Celebrate People's History: The Dil Pickle Club
Artwork
Medium:
2 Color Offset Printed Poster
Date:
September 2009
Dimensions:
Artworks -
Height: 17"
Width: 11"
Description:
Poster is titled “The Dil Pickle Club." A blue and white poster where the left side of the image is entirely taken by a treehouse at the top of a tree. The title is at the top and there is text down the right side. There is more filling the bottom above the Celebrate People's History logo. Text reads: “1914—1933. A literary nightspot at the heart of the Chicago renaissance. Around the corner from Bughouse Square, down Tooker Alley, was Chicago’s radical nexus billed the Dil Pickle Club. Here, every openness on the road to anarchy was extolled through plays, dancing, readings, lectures, and heckling. The ringleaders asked, “Are you a nut about anything?”
“If so, Jack Jones and the Dil Pickle Club went looking for you.
“The Impresarios! Jack Jones, arsonist, bomb maker, and Wobbly. Jim Larkin, trade union leader and social activist, on the lam from Dublin. Slim Brundage, beatnik janitor and founder of the college of complexes. Ben Reitman, clap doctor and lover to Emma Goldman.

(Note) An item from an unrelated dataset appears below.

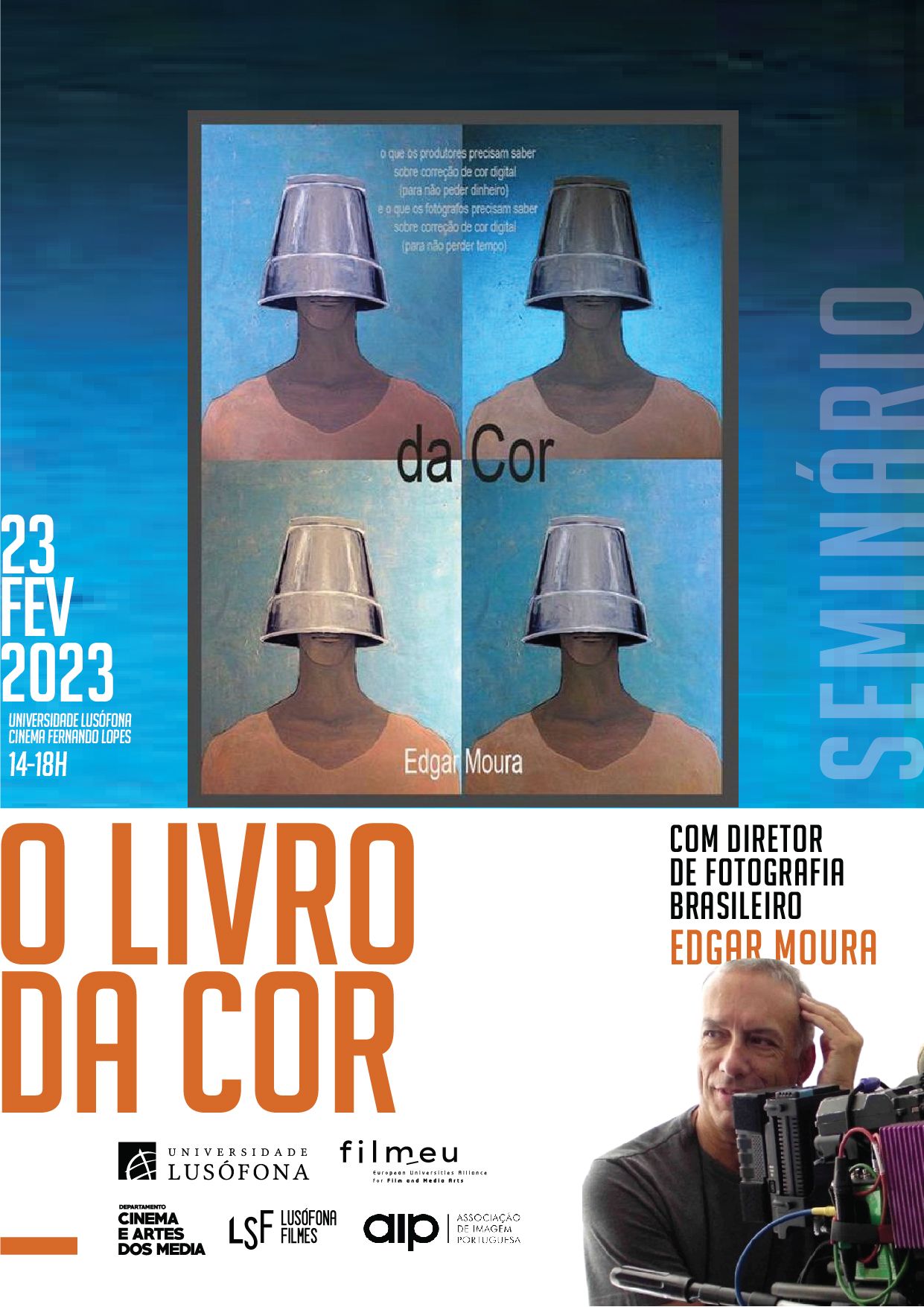 Edgar Moura na Lusófona a 23 de Fevereiro Na próxima semana, a tua Universidade recebe o diretor de fotografia brasileiro Edgar Moura para um seminário sobre "O Livro da Cor". Contamos contigo às 14h, no Cinema Fernando Lopes! Criado em 16 fevereiro 2023. Última atualização em 16 fevereiro 2023. Anterior Seguinte
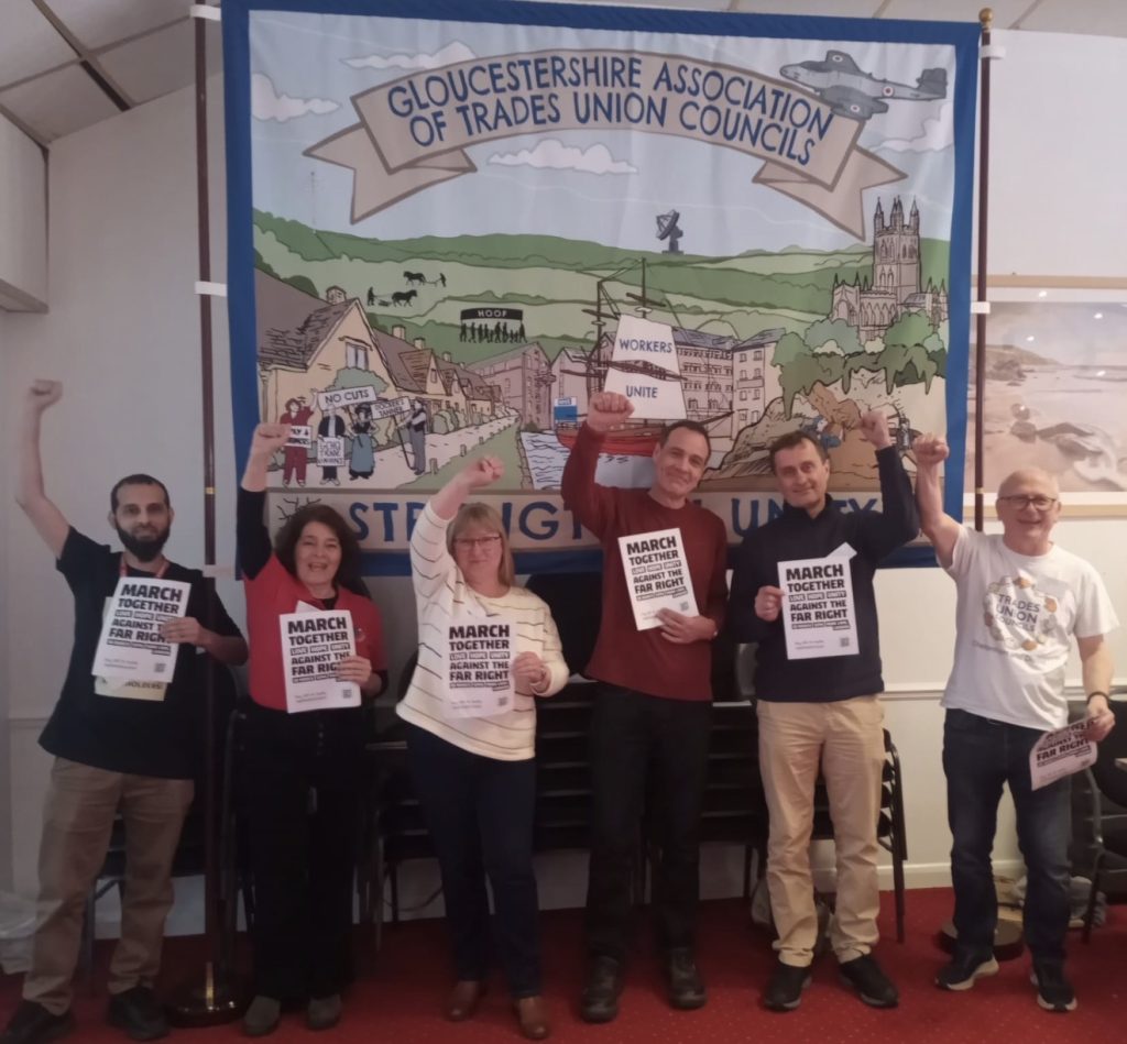 Stroud delegates recently attended the South West TUC AGM and this picture shows our delegates along with others from the county in front of the new Gloucestershire Association of Trades Union Councils banner.

“Home to hobohemians, newberry librarians, derelicts, ozone orators, poets, painters, journalists, sex workers, Wobblies, professors, lawyers, doctors, and earnest young husbands and wives.”
Historical Context:
The Celebrate People’s History posters are rooted in the do-it-yourself tradition of mass-produced political propaganda. These posters embody democracy, inclusion, and group participation in the writing and interpretation of the past. Unlike most political posters, the posters part of the Celebrate People’s History series tell the stories of the underdogs, those individuals and groups helping to move forward the collective struggle of humanity to create a more just world. For 20 years, over 130 different posters have been displayed on the streets of over a dozen cities representing over 150 artists and writers. The Celebrate People’s History Poster Series has been organized and curated by Josh MacPhee since 1998.